In the end, I decided to trust my nose; it usually had better sense than the rest of me put together. I had vaguely remembered a town near the coast, but not quite on it, so I just aimed my nose south and determined to keep the Gulf on my left side and marched on forwards. It took awhile to find, but one rainy mid-summer afternoon when I stopped for shelter under a small railroad trestle, I found exactly what I was looking for, a nearly invisible scratched marking on the wood of the trestle with my circled initials on it and dated from 1969.
I had been here before. The town must be nearby, as I now vaguely remembered walking to here to catch a train out of Texas, and the next day I found it. A small backwater rural town of no particular account or importance near the coast called Lovett, Texas.
Things seemed a bit changed since I was last here, folks seemed a bit nicer and the Town Centre definitely looked more prosperous than when I had briefly passed through nearly 30 years ago. The smell of fresh paint and optimism was everywhere. Suited me fine, I could use a fresh coat of each on my own soul.
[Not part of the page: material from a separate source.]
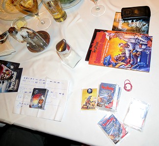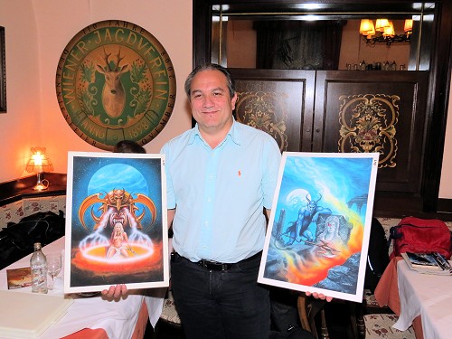 Mehrere Fans hatten sich eingefunden, Irene, Thomas, Erich, und dazu stießen noch Klaus sowie Roswitha in Verkleidung (leider nicht auf den Fotos) und natürlich Martin. Mit einem Stand war Franz Miklis auf Börse und präsentierte neben Originalen von "Game of Thrones" Sammelkarten zahlreiche seiner Kunstwerke, die wie immer alle begeistern.

The first order of business was to find some work, and the first three people I asked all gave me the exact same answer - 'go to the Church'. I expected some trouble with a young lady Deputy Sheriff who politely asked if she could help me, but when I told her I was looking for the Church, she offered to give me a ride directly over there, and then bade me a good day and good luck with my job hunting. Definitely different from the attitude of most Sheriff's offices in most places I had been.
The opportunities available to me for employment via the kindness of the Church did not seem particularly promising. There was a quite successful computer company in town, but I had no skills for that and couldn't even type decently. There was also a revived aviation industry just outside of town a bit at the County airport, but my skills were lacking a bit there too. I joked that I had a fairly strong back and was used to spending all of my time with my fingers in the dirt.
This engendered a loud laugh from a man about my own age who seemed to be the local priest whom everyone called Father Al. He suggested that I go offer my services to a lady by the name of Dr. Rosalyn White, and that he would even offer to drive me over there to meet her himself.